The bulky bags have been placed around bomblets which, four decades after the CIA's "secret war" in Laos, still pose a hazard and are about to be destroyed.

Bomb disposal technicians uncovered the 56 cluster bomb submunitions, each about the size of a tennis ball, lying just below the surface of the earth in Xieng Khuang province.

Laos is the most heavily bombed nation per capita, and Xieng Khuang was among the most severely hit of all, according to officials.

In the province's Paxay district alone there were 13,500 bombing missions which released more than six million cluster bomblets, according to Laos's National Regulatory Authority (NRA), which coordinates work on unexploded ordnance (UXOs).

Some of them landed around Paxay's Nasom village which UXO Lao, the national agency for UXO clearance, is trying to clean up.

"They're very small but very deadly," says John Dingley, UXO Lao's senior technical adviser from the United Nations Development Programme (UNDP).

The heavy pink bags form a protective wall around each of the exposed bomblets, which UXO Lao technicians have wired for destruction across an area about the size of two football fields.

Citing United States Air Force data, the NRA said more than two million tons of ordnance was dropped on the country between 1964 and 1973, when the US war in neighbouring Vietnam spilled into Laos, where the Central Intelligence Agency (CIA) directed operations that the US government tried to keep secret.

Among the weapons dropped were 270 million cluster bomblets, which had an average failure rate of 30 percent, the NRA said.

Since the end of the war, more than 22,000 people in Laos have been killed or wounded by UXOs including cluster bomblets, the NRA said.

Worldwide, cluster bombs are estimated to have killed or wounded tens of thousands of civilians.

More than 1,000 government officials, charity workers, and survivors of the bombs gather in the Laotian capital Vientiane on Tuesday for the first meeting of states that are party to the convention banning cluster bombs.

The gathering aims to speed up efforts to rid the world of the weapons.

On Monday UXO Lao put on a demonstration of its work for members of the foreign military, diplomats and other delegates who will attend the meeting.

Boualin, who heads a UXO Lao clearance team, said they have been working in Nasom village since September to remove the hazards from more than 75,000 square metres of land that will be used for farming.

"So far we have cleared more than 10,000 square metres" and found 170 leftover bombs, mostly cluster bomblets, he told the delegation.

They divide the land into grids which they sweep with metal detectors to find the bombs, that are carefully exposed using a digging tool.

Then the cluster munitions are blown up where they lie.
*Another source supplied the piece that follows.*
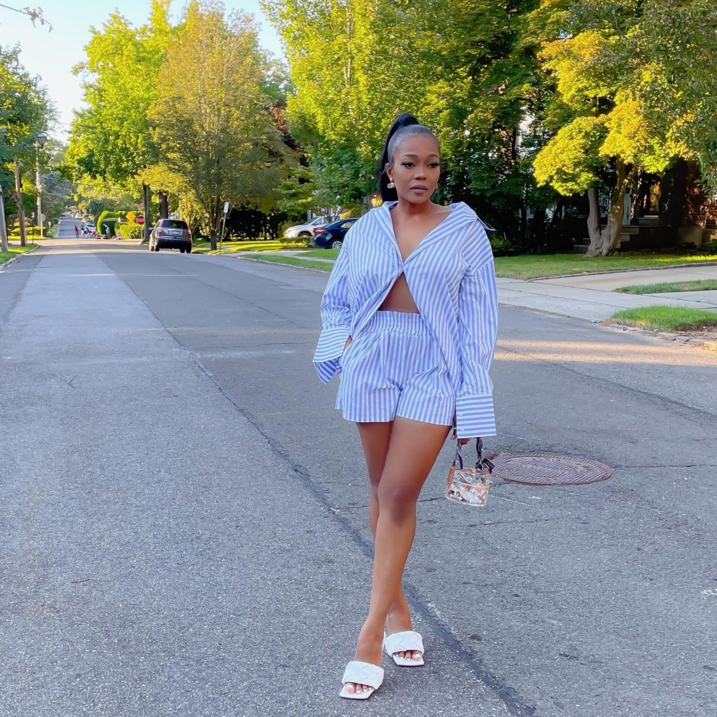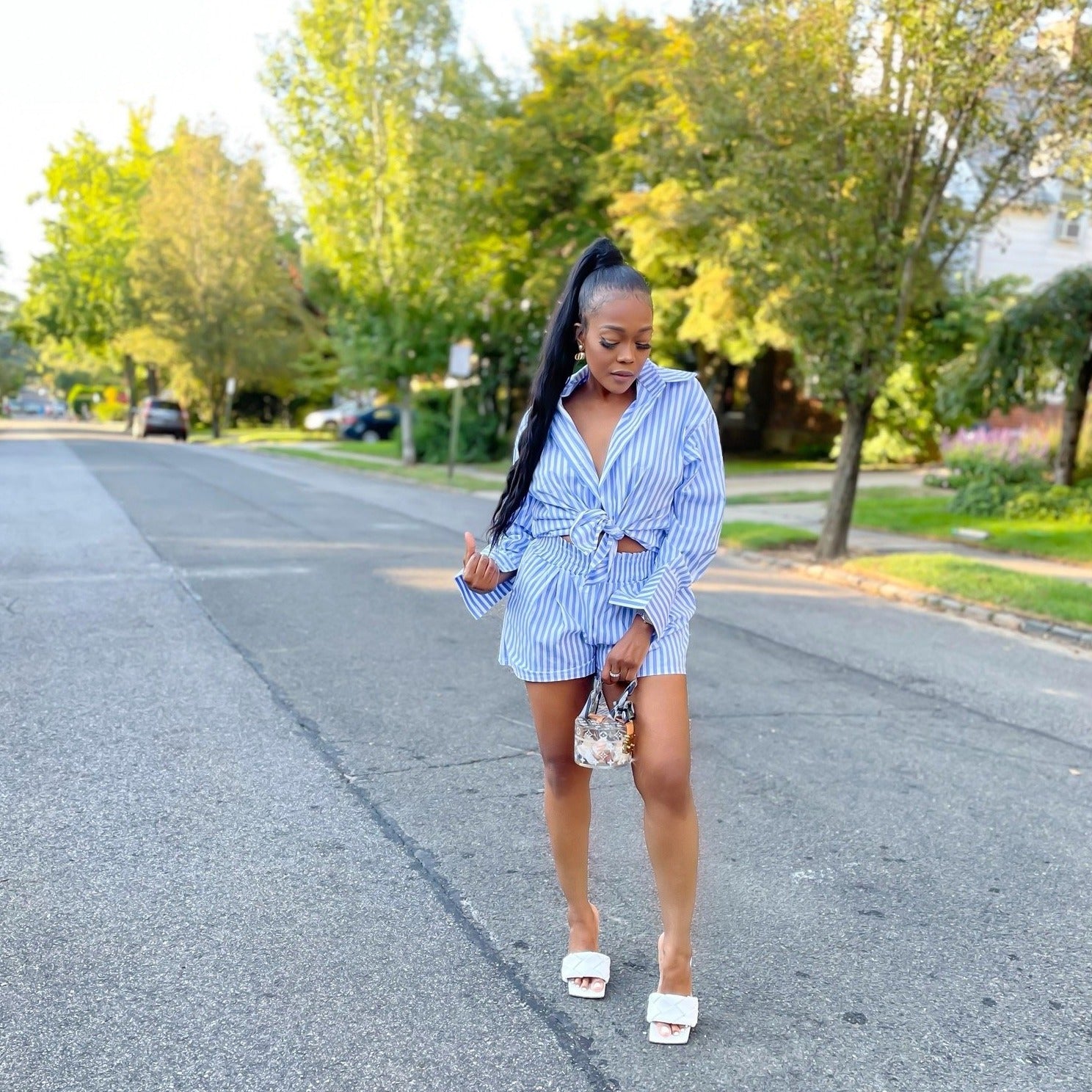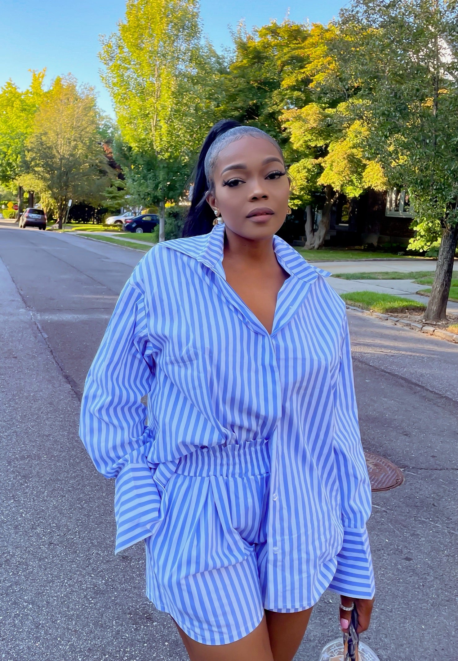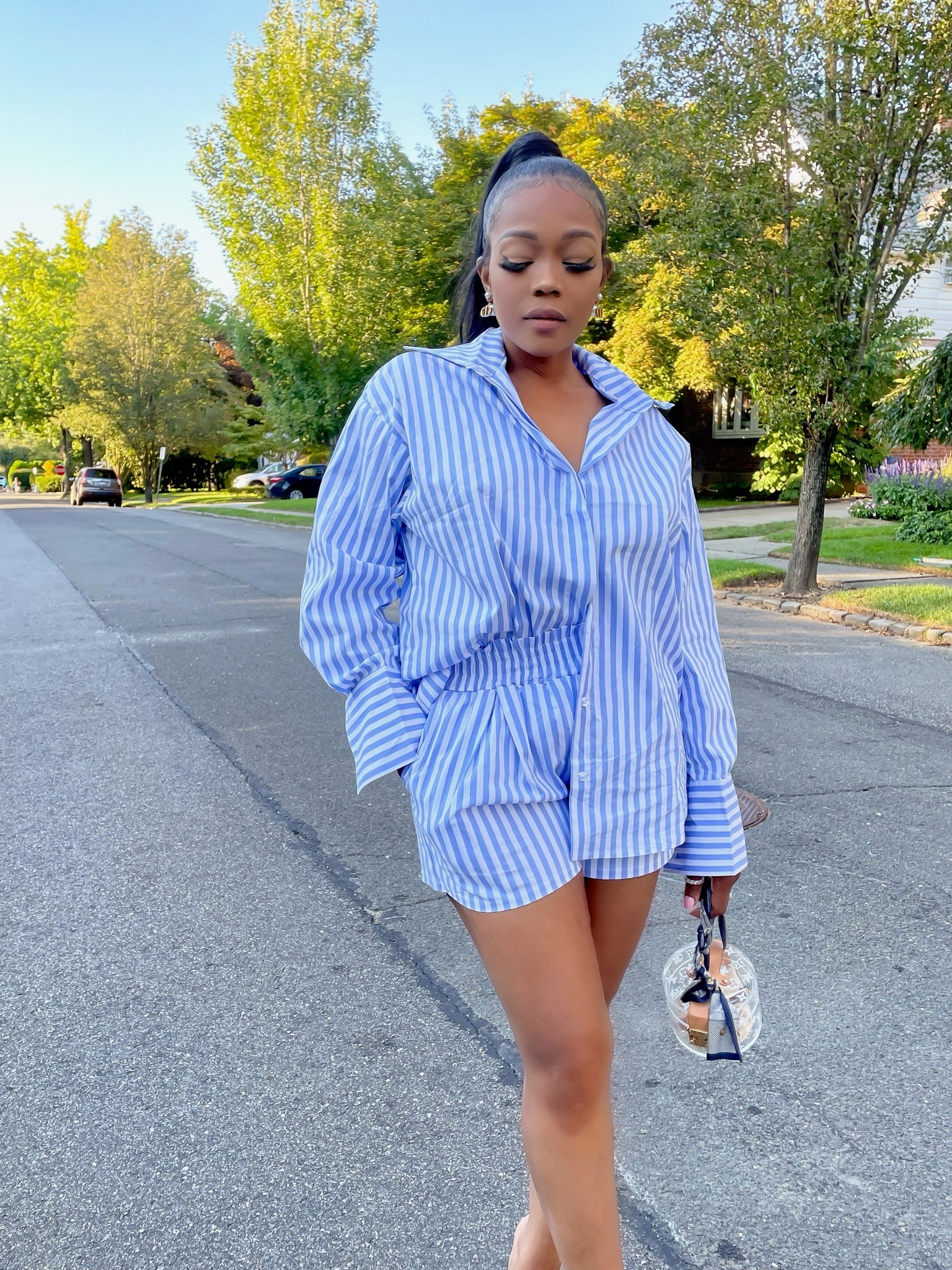Cute and comfy, the pin stripe shorts set is a great set for a casual day out or wear with heels for a night out on the town.

"One. Two. Three," a technician calls before detonation. The bombs explode in a cloud of black smoke.

"I'm very proud, even if it's very dangerous," Boualin, a native of the region, says later. "I can help a lot of people in this area."

Dingley, of UNDP, felt similarly.

"We make a difference immediately," said the former British soldier, who has spent almost five years in Laos. "In some countries you're clearing and, literally, the guys are behind you ploughing the fields" as soon as demolition is finished.

Foreign delegates who watched the demonstration said it brought home the enormity of Laos's challenge.

"Sad, sad," said a government representative from Mozambique, after seeing the cluster bomb field before its demolition.

"I'm quite impressed with the operation the Lao government is undertaking. It's a huge, huge undertaking," said Prince Mired of Jordan, who has been active in de-mining issues and is attending the Vientiane conference as an observer.

Laos is one of the most affected countries, but others are also dealing with a legacy of cluster bombs.

"It's a very huge problem also in Lebanon," where Israel dropped cluster munitions in its 2006 war against Hezbollah, said Brigadier General Mohammad Fehmi, of the Lebanon Mine Action Centre.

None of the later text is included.